Material and methods
The indirect ELISA and Western blot analysis for quantification of ADAM12 level in serum was developed. The subjects were 218 histologically confirmed cases, 128 with intrahepatic cholangiocarcinoma, 30 with hepatocellular carcinoma and 60 healthy people.
Results
The ability of test was verified using an analysis of Receiver Operating Characteristic (ROC) curve. The mean value of serum ADAM 12 in hepatocellular carcinoma was significantly higher than cholangiocarcinoma and healthy people (p = 0.001). The AUC for control vs. HCC was 0.826 while for controls vs. CC was 0.679. The results showed that a disintegrin and metalloprotease 12 for hepatocellular carcinoma had better specificity (77.4%) than for cholangiocarcinoma (64.5%). The serum a disintegrin and metalloprotease 12 level was also found to inversely correlate with overall survival (p = 0.02).
Conclusions
A disintegrin and metalloprotease 12 would be most useful as an adjunct biomarker for distinguishing hepatocellular carcinoma from cholangiocarcinoma.
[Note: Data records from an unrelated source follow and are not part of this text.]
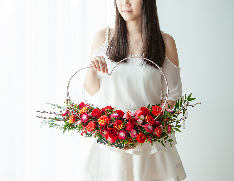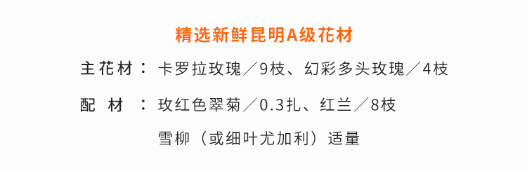 卡罗拉玫瑰9枝,幻彩多头玫瑰4枝,玫红色翠菊3枝,红兰8枝,雪柳(或细叶尤加利)适量
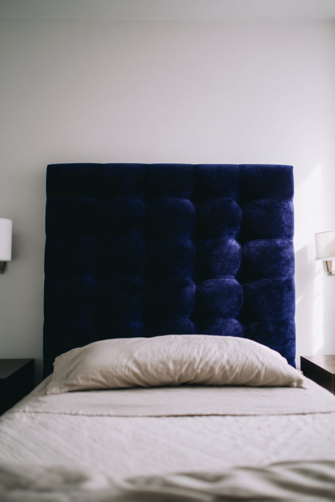 Envision a plush, tufted headboard in a vibrant jewel tone that contrasts beautifully with neutral walls. The rich texture and deep color create a luxurious vibe, transforming the bed into a statement piece. Soft ambient lighting highlights its details, casting gentle shadows that add depth. The overall effect is a cozy, inviting retreat that feels both stylish and personal.
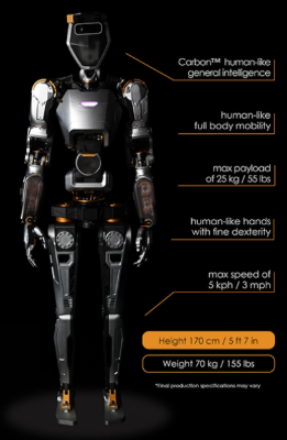 Human-like hands with 20 DOF each, teleoperation capability, Carbon AI for autonomous learning
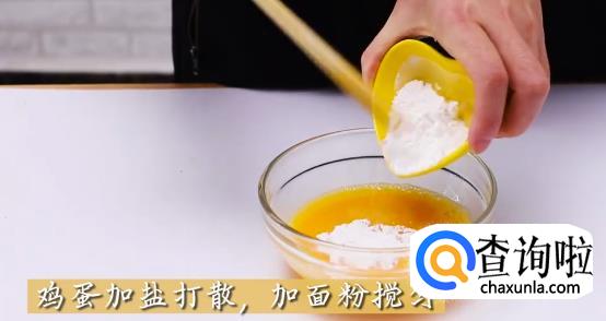 鸡蛋加盐打散,准备热油锅底,将蛋液均匀地铺在锅底,小火煎成饼状。然后将做好的饭团放上去。

Keywords: ADAM12 protein, cholangiocarcinoma, hepatocellular carcinoma, A disintegrin and metalloproteases
Introduction
The two major subtypes of primary liver cancer are hepatocellular carcinoma (HCC) and cholangiocarcinoma (CC). Unlike HCC, CC contains a significant amount of fibrous stroma and subsequently low incidence of metastases of primary cancer. In fact, HCC patients have a similar clinical presentation as CC, such as upper abdominal pain, dyspepsia and fatigue. Therefore, initial misdiagnosis between HCC and intrahepatic or peripheral cholangiocarcinoma is commonly found, even though excellent studies have revealed that the serum markers for HCC and CC screening diagnostics are α-fetoprotein [1] and MUC5AC [2], respectively. However, differentiation of HCC from CC by new serum markers is still a challenging study. A disintegrin and metalloproteases (ADAMs) are membrane-anchored cell surface glycoproteins. To date, more than 30 ADAMs have been identified. ADAM12 belongs to the large family of ADAMs and possesses extracellular metalloprotease and cell-binding functions, as well as intracellular signalling capacities. Interest in ADAM12 has increased recently because its expression is related to a variety of human cancers such as breast [3], bladder [4], lung [5], and liver [6, 7]. ADAMs mediated cancer cell proliferation and progression may be connected with their structures, which have the potential to possess protease, adhesion, fusion, and signalling functions [8, 9]. Our report represents the first study of the ADAM12 level in serum samples taken from patients with chronic liver disease of different aetiologies. In this study, we developed an enzyme-linked immunosorbent assay (ELISA) for the quantification of ADAM12. 218 archived serum samples were tested.
Material and methods
Patients
Samples were obtained from patients with intrahepatic cholangiocarcinoma and hepatocellular carcinoma who had undergone surgery at Srinagarind Hospital, Faculty of Medicine, Khon Kaen University, Khon Kaen, Thailand. Informed consent was obtained from each patient. The Human Research Ethics Committee of Khon Kaen University approved the protocol (HE500602). Preoperative serum samples were obtained from 128 patients with CC, and 30 with HCC. The group of healthy adult controls consisted of 60 volunteers with the same average age as the CC group. All serum samples were stored at –70°C until determined by ELISA and Western blot analysis using specific antibody.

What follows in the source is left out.